NTCIR-5: two PR tasks were organized in NTCIR-5 [21]: (1) document retrieval (invalidity search), and (2) patent passage retrieval. The dataset for the invalidity search task includes: (1) unexamined Japanese patent applications published between (1993 and 2002) along with English translations of the abstract, and (2) 1200 search topics where each topic is a claim of an invalidated patent application. Relevance judgments were generated in a manner similar to the one used in NTCIR-4 invalidity search task.

NTCIR-6: two PR tasks were organized in NTCIR-6 [22]: (1) Japanese retrieval (invalidity search), and (2) English retrieval. The dataset for the Japanese retrieval task is the same one used in NTCIR-5, but more topics were used (1685 topics). The English retrieval task was focusing on finding all the citations cited by the applicant and the examiner. The dataset for these tasks includes: (1) granted patents from the USPTO between (1993 and 2000) and (2) 3221 search topics where each topic is a granted patent published between (2000 and 2001).

3.3 TREC-CHEM collections

The TREC-CHEM track was organized to motivate large-scale research on chemical datasets, especially chemical patent retrieval [50].

TREC-CHEM 2009: this collection was created as a test collection for two tasks [50]: (1) technology survey, and (2) prior art search. Eighteen topics were provided for the technology survey task where relevance judgments were obtained from experts and chemistry graduate students. For the prior art search, 1000 patents were provided as test topics where relevance judgments were collected from the citations of topic patents as well as their family members. The search corpus contains \(\sim \) 1.2 m chemical patents filed until 2007 at EPO, USPTO, and WIPO. It also contains 59K scientific articles.

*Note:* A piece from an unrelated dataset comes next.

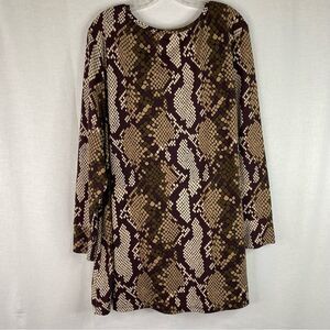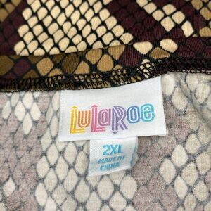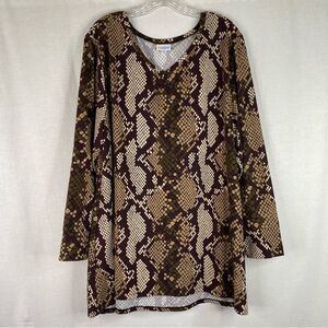 LulaRoe Elizabeth Tunic Women’s 2X Brown Tan Snake Reptile V Neck Long Sleeve

TREC-CHEM 2010: this collection was created for the same two tasks as in TREC-CHEM 2009 [51]. Thirty topics were provided for the technology survey task. The search corpus contains \(\sim \) 1.3 m chemical patents and 177K scientific articles. Relevance judgments were created the same way as in TREC-CHEM 2009.

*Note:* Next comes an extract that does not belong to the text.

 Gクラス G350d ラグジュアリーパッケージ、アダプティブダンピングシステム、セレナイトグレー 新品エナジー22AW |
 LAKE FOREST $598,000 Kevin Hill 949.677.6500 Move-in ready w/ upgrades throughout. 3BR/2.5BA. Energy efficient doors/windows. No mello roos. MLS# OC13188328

TREC-CHEM 2011: this collection was created for the same two tasks as in previous TREC-CHEM tracks besides a new chemical image recognition task. The technology survey task topics were biomedical and pharmaceutical patents [53].

3.4 Other sources

Other IP data sources are detailed by Schwartz and Sichelman [81]. These include full patent texts as well as bibliographic information from major patent offices such as the USPTO, EPO, and WIPO. Bibliographic information for patents published from 1976 to 2006 is provided through the National Bureau of Economic ResearchFootnote 8 (NBER) and subsequently cleaned and extended to include patents until 2013.Footnote 9 Patent prosecution histories are available through the Patent Application Information RetrievalFootnote 10 (PAIR). Patent assignments, filings, classifications, and petition decisions are also provided through the USPTO bulk downloads previously hosted by GoogleFootnote 11 and now by the USPTO.Footnote 12

4 Patent retrieval tasks

The goal of PR is to retrieve relevant patent documents to a given search request (query). This request can take different forms such as a sequence of keywords, a memo, or a complete text document (e.g., a patent application). The purpose of this task is manifold, for example:

  • Retrieve related patents to a given patent application in order to gather related work or invalidate one or more of its claims.

  • Explore patent filing activity under specific technology.

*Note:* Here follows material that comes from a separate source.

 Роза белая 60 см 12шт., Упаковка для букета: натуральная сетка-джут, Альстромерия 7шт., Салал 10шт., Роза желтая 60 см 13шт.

  • Explore the competitive landscape of a given company by looking at other companies filing patents similar to the given company patents.

Because of these multiple objectives, various PR tasks were proposed to fulfill each objective, and multiple datasets were provided depending on the given task.

Prior art search is the main theme of the CLEF-IP and NTCIR tracks. The importance of this task stems from the requirement by all patent offices that filed patents must constitute novel, non-obvious, and non-abstract ideas. Therefore, an important activity through the patent life cycle is to thoroughly ensure that no earlier published patent or material describing the prescribed ideas exist. The task can be defined as follows:

Problem: given a patent application X, retrieve all related documents to X

Prior art search is a total-recall task,Footnote 13 therefore it demonstrates several challenges. Search coverage is one of the main challenges, because it is required to cover all previously published material (patent or non-patent literature) in all forms (electronic or printed) which is infeasible. Another major challenge is the need to search through materials written in different languages. Last but not least, traditional IR methods perform poorly when confronted with the patent prior art search task. Mainly because the patent language is full of jargon and user-defined terminology. Inventors intentionally tend to use different vocabularies to express same or similar ideas in order to establish the novelty of their work.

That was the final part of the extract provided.